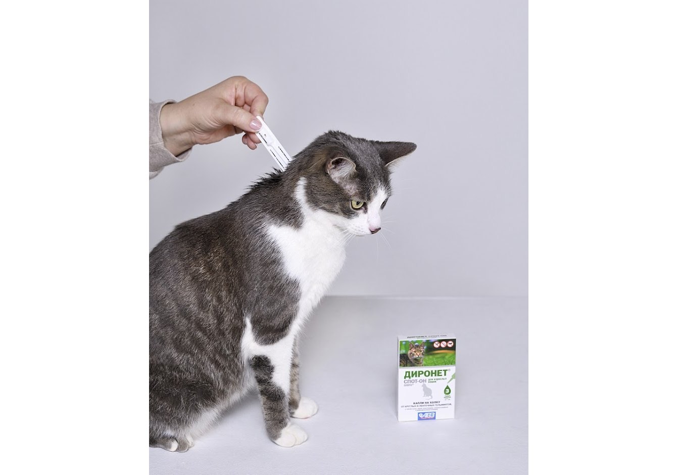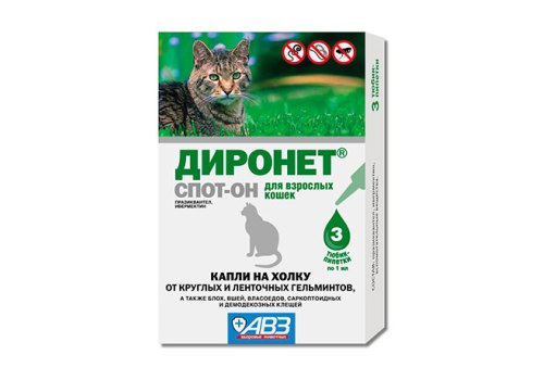 АгроВетЗащита Диронет Спот-он Капли для кошек на холку от круглых и ленточных Гельминтов Блох Вшей и Клещей 3 х 1 мл
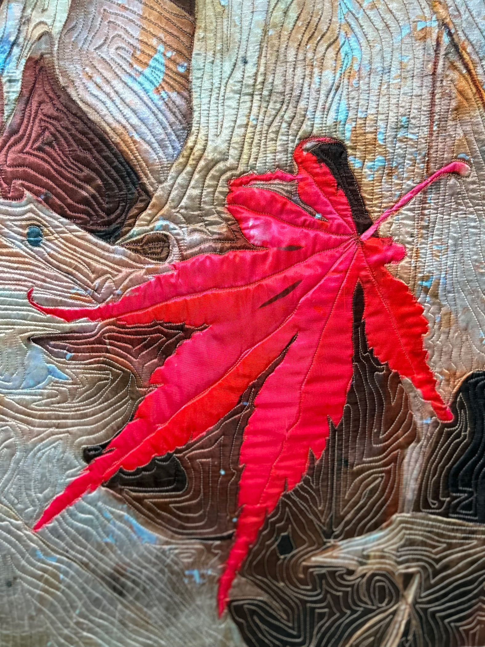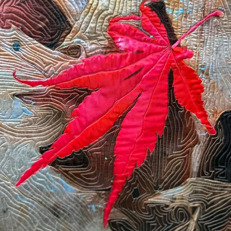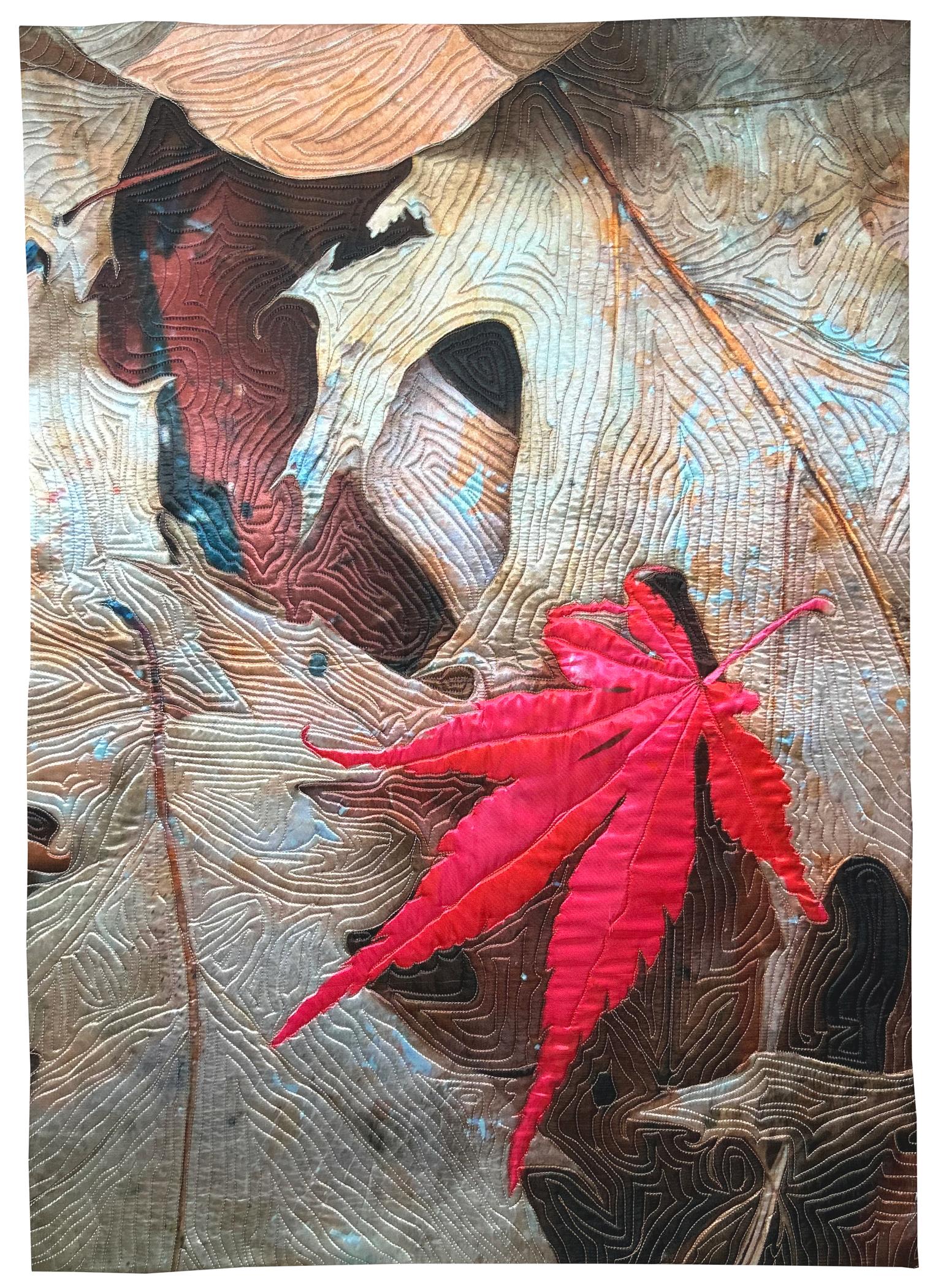 Browse the Collection Farewell Blaze Stephanye Schuyler Size 34 in x 24 in (86 cm x 61 cm) Year 2023 Exhibition Color in Context: Red (SAQA Global Exhibition) Price $0.00 Buy Now >> With a final bold, brilliant blaze of crimson, this Japanese Maple leaf rests on a bed of dull oak leaves, soon to decompose then reincarnate. Materials Satin, felt, cotton Techniques Photo edited, photo transferred, machine quilted
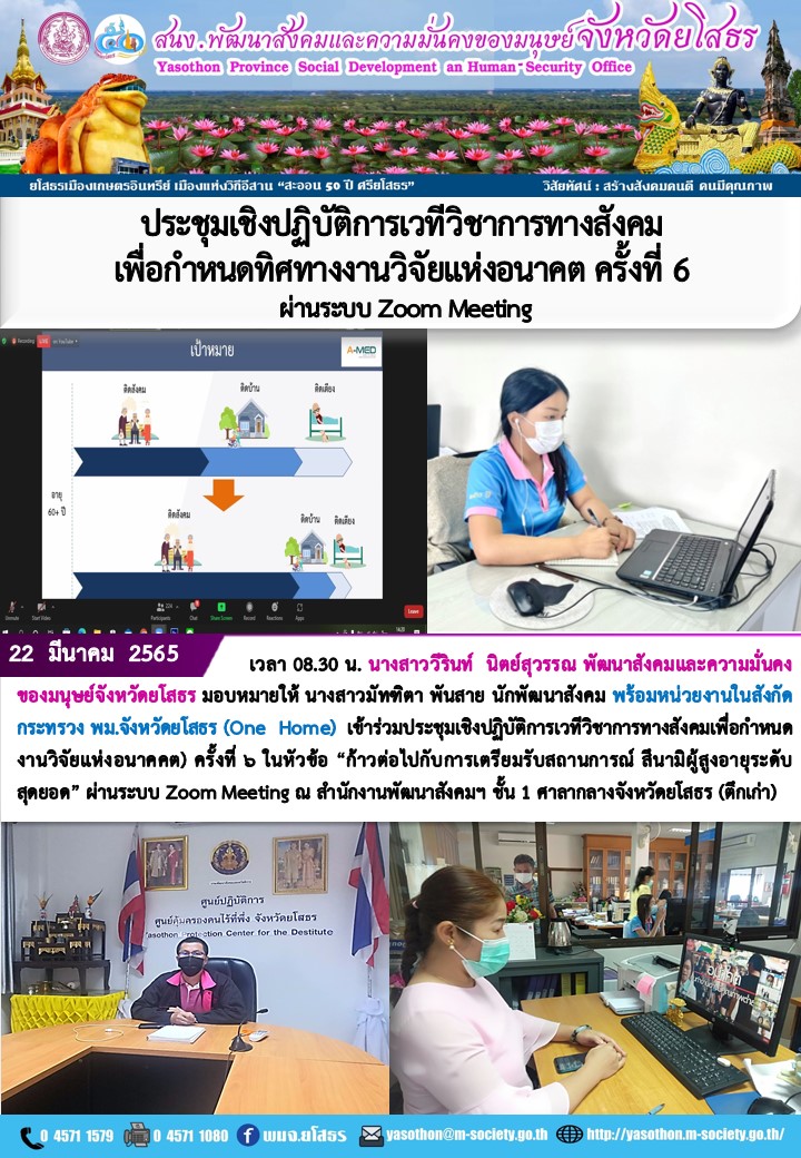 วันที่ 25 มี.ค. 2565 (09:04 น.)วันที่ 22 มีนาคม 2565 เวลา 08.30 น. นางสาววีรินท์ นิตย์สุวรรณ พัฒนาสังคมและความมั่นคงของมนุษย์จังหวัดยโสธร มอบหมายให้ นางสาวมัทฑิตา พันสาย นักพัฒนาสังคม พร้อมหน่วยงานในสังกัดกระทรวง พม.จังหวัดยโสธร (One Home) เข้าร่วมประชุมเชิงปฏิบัติการเวทีวิชาการทางสังคมเพื่อกำหนดงานวิจัยแห่งอนาคต) ครั้งที่ - ในหัวข้อ "ก้าวต่อไปกับการเตรียมรับสถานการณ์ สึนามิผู้สูงอายุระดับสุดยอด ผ่านระบบ Zoom Meeting ณ สำนักงานพัฒนาสังคมฯ ชั้น 1 ศาลากลางจังหวัดยโสธร (ตึกเก่า)
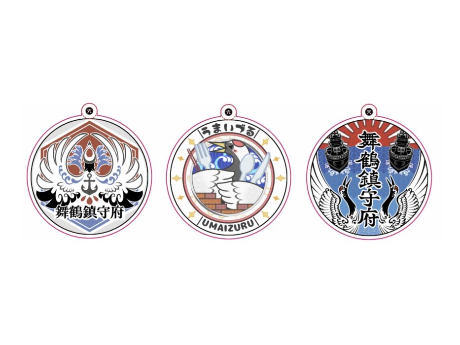 舞鶴鎮守府をイメージにしたロゴ-MAICHIN-や-SOKAKU-、美味しいものが集う街と舞鶴から作った造語の-UMAIZURU-のアクリルキーホルダーです。
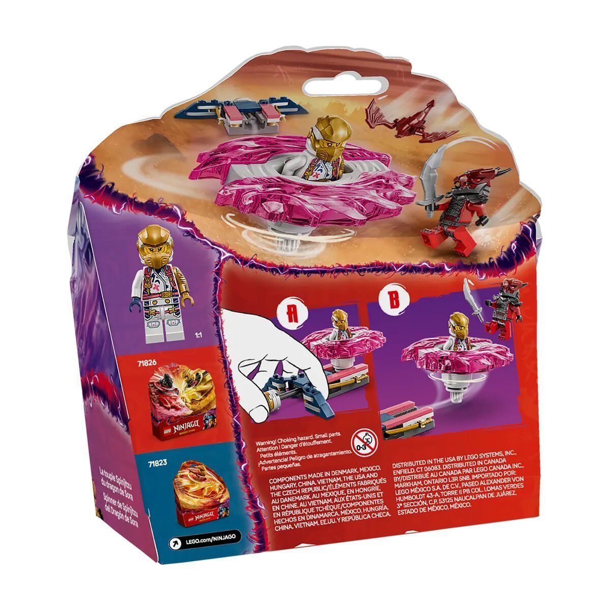 Bu küçük LEGO setinde ayrıca 2 minifigür bulunur: Ejderha Spinjitzu topacının içinebinen ve kılıç aksesuarı olan Sora, kendi kılıç aksesuarı olan kötü Ejderha Savaşçısı, ayrıca küçük bir ejderha yaratığı modeli. Çocuklar, bu popüler NINJAGO karakterleriyle iyiyle kötü arasında savaşlar yaparken harika rol yapma aksiyonunun keyfini çıkarabilir.

• • • •

After removing the pictures, transcribe the listing above exactly.

> [Answer section]
 АгроВетЗащита Диронет Спот-он Капли для кошек на холку от круглых и ленточных Гельминтов Блох Вшей и Клещей 3 х 1 мл
 Browse the Collection Farewell Blaze Stephanye Schuyler Size 34 in x 24 in (86 cm x 61 cm) Year 2023 Exhibition Color in Context: Red (SAQA Global Exhibition) Price $0.00 Buy Now >> With a final bold, brilliant blaze of crimson, this Japanese Maple leaf rests on a bed of dull oak leaves, soon to decompose then reincarnate. Materials Satin, felt, cotton Techniques Photo edited, photo transferred, machine quilted
 วันที่ 25 มี.ค. 2565 (09:04 น.)วันที่ 22 มีนาคม 2565 เวลา 08.30 น. นางสาววีรินท์ นิตย์สุวรรณ พัฒนาสังคมและความมั่นคงของมนุษย์จังหวัดยโสธร มอบหมายให้ นางสาวมัทฑิตา พันสาย นักพัฒนาสังคม พร้อมหน่วยงานในสังกัดกระทรวง พม.จังหวัดยโสธร (One Home) เข้าร่วมประชุมเชิงปฏิบัติการเวทีวิชาการทางสังคมเพื่อกำหนดงานวิจัยแห่งอนาคต) ครั้งที่ - ในหัวข้อ "ก้าวต่อไปกับการเตรียมรับสถานการณ์ สึนามิผู้สูงอายุระดับสุดยอด ผ่านระบบ Zoom Meeting ณ สำนักงานพัฒนาสังคมฯ ชั้น 1 ศาลากลางจังหวัดยโสธร (ตึกเก่า)
 舞鶴鎮守府をイメージにしたロゴ-MAICHIN-や-SOKAKU-、美味しいものが集う街と舞鶴から作った造語の-UMAIZURU-のアクリルキーホルダーです。
 Bu küçük LEGO setinde ayrıca 2 minifigür bulunur: Ejderha Spinjitzu topacının içinebinen ve kılıç aksesuarı olan Sora, kendi kılıç aksesuarı olan kötü Ejderha Savaşçısı, ayrıca küçük bir ejderha yaratığı modeli. Çocuklar, bu popüler NINJAGO karakterleriyle iyiyle kötü arasında savaşlar yaparken harika rol yapma aksiyonunun keyfini çıkarabilir.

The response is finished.